If you are an agent working in this repo: do not improvise architecture. Follow the documents listed below.
- Golden Path:
docs/GOLDEN_PATH.md— the only workflow we build until it works end-to-end - Command Tree + Module Mapping:
docs/CLI_WIREFRAME.md— CLI commands → core modules - Product Roadmap:
docs/PRODUCT_ROADMAP.md— current phase plan (Phase 3.5/4/5) - Vision:
docs/VISION.md— north star for all decisions - Agent System Reference:
docs/AGENT_SYSTEM_REFERENCE.md— agent components, execution flows
Rule 0: If a change does not directly support the Think → Build → Prove → Ship pipeline, do not implement it.

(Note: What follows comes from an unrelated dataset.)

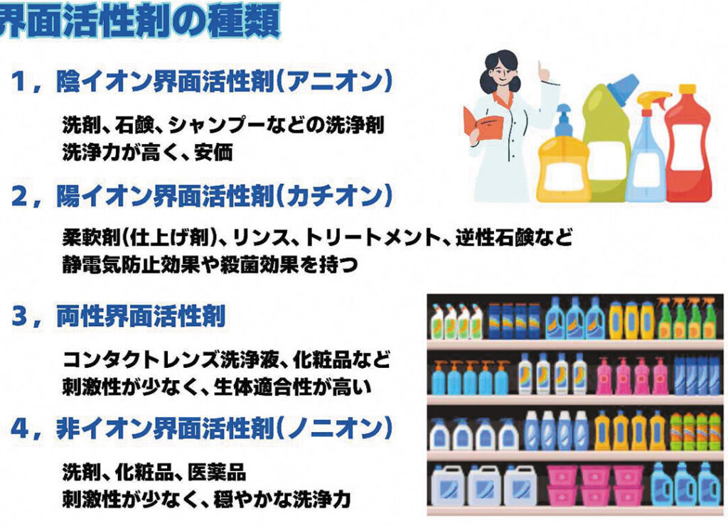私たちの日常生活には、知らず知らずのうちに多くの化学物質が存在しています。その中でも界面活性剤は特に重要な役割を果たしています。洗剤やシャンプー、化粧品など、私たちが使う製品の多くに含まれており、これらの製品の効果を高めるためには欠かせません。
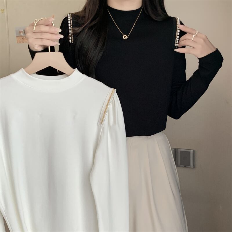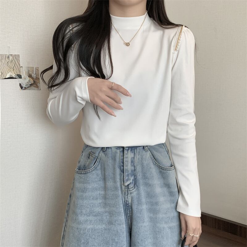 原宿長袖ソリッドハーフタートルネック緩い底入れ Tシャツ秋冬ベルベット Tシャツ女性厚く暖かいトップス ロング かわいい オータム 秋物 ウィンター 冬物 ソリッドカラー Aim592271796

- Core-first: Domain logic lives in
codeframe/core/— headless, no FastAPI imports - CLI-first: Golden Path works without any running FastAPI server
- Server optional: FastAPI (
codeframe/ui/) is a thin adapter over core, started explicitly viacodeframe serve - Web UI optional: Next.js frontend (
web-ui/) connects to the server via REST and WebSocket - Adapters: LLM providers in
codeframe/adapters/llm/ - Default engine: ReAct (observe → think → act loop) — legacy plan engine available via
--engine plan
The architecture is layered — CLI and server call the same core modules. The web UI calls the server. No layer bypasses its boundary.
codeframe/
├── core/ # Headless domain + orchestration (NO FastAPI imports)
│ ├── react_agent.py # ReAct agent (default engine)
│ ├── tools.py # Tool definitions (7 tools)
│ ├── editor.py # Search-replace file editor with fuzzy matching
│ ├── agent.py # Legacy plan engine (--engine plan)
│ ├── planner.py, executor.py # Plan engine internals
│ ├── runtime.py # Run lifecycle + engine selection
│ ├── conductor.py # Batch orchestration + worker pool
│ ├── tasks.py, blockers.py, prd.py, workspace.py
│ ├── gates.py, fix_tracker.py, quick_fixes.py # Verification + self-correction
│ ├── stall_detector.py, stall_monitor.py
│ ├── dependency_graph.py, dependency_analyzer.py
│ ├── context.py, state_machine.py, events.py, streaming.py
│ ├── environment.py, installer.py, diagnostics.py
│ ├── credentials.py, agents_config.py
│ └── sandbox/ # Worktree + E2B isolation abstractions
├── adapters/
│ ├── llm/ # LLM provider adapters (anthropic, openai-compatible, mock)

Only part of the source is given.